# My UDS (pic heavy)



## rickw (Sep 23, 2008)

Hi guys. Here's a big thanks to all that shared their info on the UDS so others, like me, could have the knowledge to attempt one their self. I was gathering parts for the UDS for a few weeks and this weekend finally got it built. Here is some pics of the progress and final result.









 I had a hard time with the Weber lid fitting so with some bending and banging this is how I figure to use it. I have to have my smoked turkey.





 I did a test burn with 9 lbs of charcoal and after 9 hours it was still holding on at 210 degree. I had to hit the sack so I really don't know how long it really did last.

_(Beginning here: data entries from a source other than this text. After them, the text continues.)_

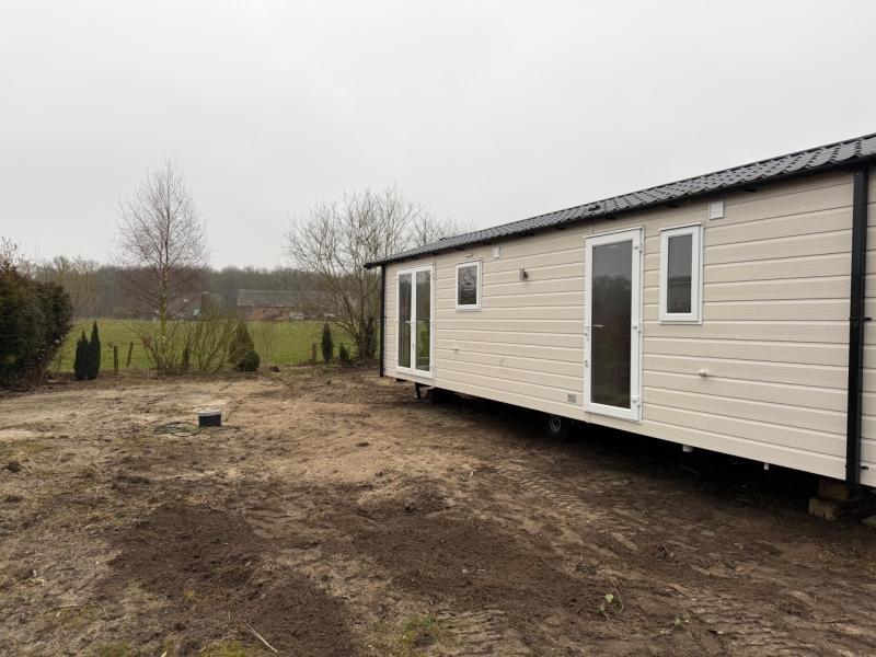 Te koop: een mooie en onderhoudsarm nieuwe kunststof Elvira chalet op een kavel van 250m² met een eigen parkeerplaats.
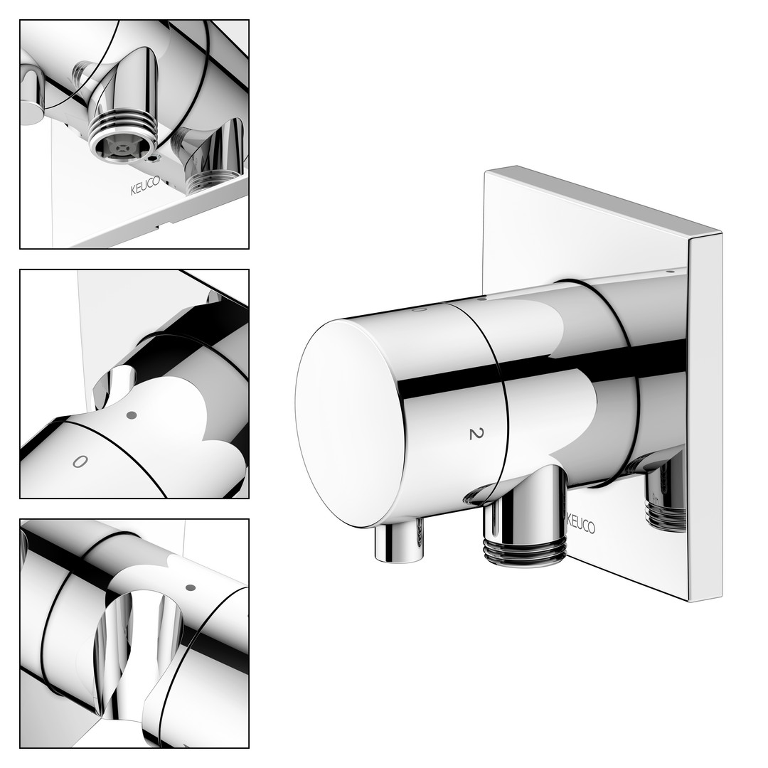 KEUCO Fertigmontageset IXMO UP-2-Wege-Ab-/Umstellventil, Brausehalter, eckig, verchromt
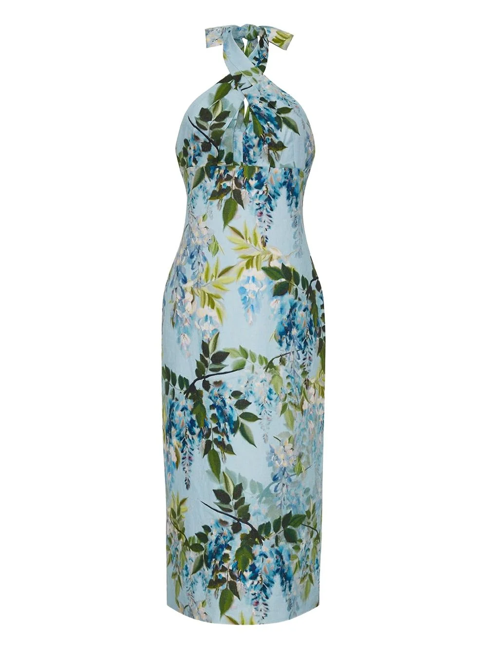 Perla floral-print halterneck dress Highlights - Light blue - Floral print - Halterneck - Twisted detail - Sleeveless - Linen - Straight hem Imported Composition Outer: Linen/Flax 100% Lining: Cotton 100% Washing instructions Hand Wash

 Once again a big thanks to all.


----------



## gorillagrilla (Sep 24, 2008)

Very cool. Let us know how that intake extention works .


----------



## waysideranch (Sep 24, 2008)

That's a sweet looking rig.


----------



## rickw (Sep 24, 2008)

During the test burn I was messing with the gate valve to see how easy it would be to control. I could lower and raise the temps around 20 degrees or so with just a small amount of adjustment. I have plans on a smoke this Sunday so that will be the big test


----------



## grothe (Sep 24, 2008)

Very nice Rick... you did one h3ll of a job!!!


----------



## guvna (Sep 24, 2008)

looks real nice with that kettle lid on there. good job! do you have any moe pics from the build? are you gonna make anymore mods?
thanks,
guv


----------



## cowgirl (Sep 24, 2008)

Great job Rick!!


----------



## bbq bubba (Sep 24, 2008)

Welcome to the Drumhead nation!!


----------



## richtee (Sep 24, 2008)

Nice!  And Bubba did an extended intake once...he din't like it. But he din't heed my advice to increase it's diameter due to pipe length and laminar airflow characteristics in conjunction with thermodynamic convection considerations. Figgers.  ;{)


----------



## pigcicles (Sep 24, 2008)

_*WHAT?!!*_ LOL j/k - Them there is edjukated werds right there


----------



## bbq bubba (Sep 24, 2008)

Uhhhhh.............what???


----------



## richtee (Sep 24, 2008)

You shoulda made it bigger Bubba! -


----------



## bbq bubba (Sep 24, 2008)

Oh....thanks!


----------



## j0k3r-x (Sep 24, 2008)

Great work Rick!!!


----------



## richoso1 (Sep 24, 2008)

Nice work my friend. Your determination paid off bigtime.


----------



## cman95 (Sep 24, 2008)

Nice rig you have there.


----------



## cajun_1 (Sep 24, 2008)

Great Job  ...


----------



## motorhedd (Sep 24, 2008)

Way to go Rick...its well known that "Q" always tastes better on a smoker ya built your self!!


----------



## rickw (Sep 27, 2008)

Thanks folks for all great comments. This morning I added a shelf and access holes for a digital thermometer or two. Here's a pic of how it turned out.


----------



## doctor phreak (Sep 27, 2008)

nice work..man i really think about doing one....good thing i can pull alot of info on here...how much do you have invested in it...


----------



## rickw (Sep 27, 2008)

I got a lot of the supplies free so I might have around $50 into it.


----------



## chadpole (Oct 5, 2008)

Good job ,Rick. You'll get years of enjoyment from it. Keep it out of the elements and garage kept and it may last forever.


----------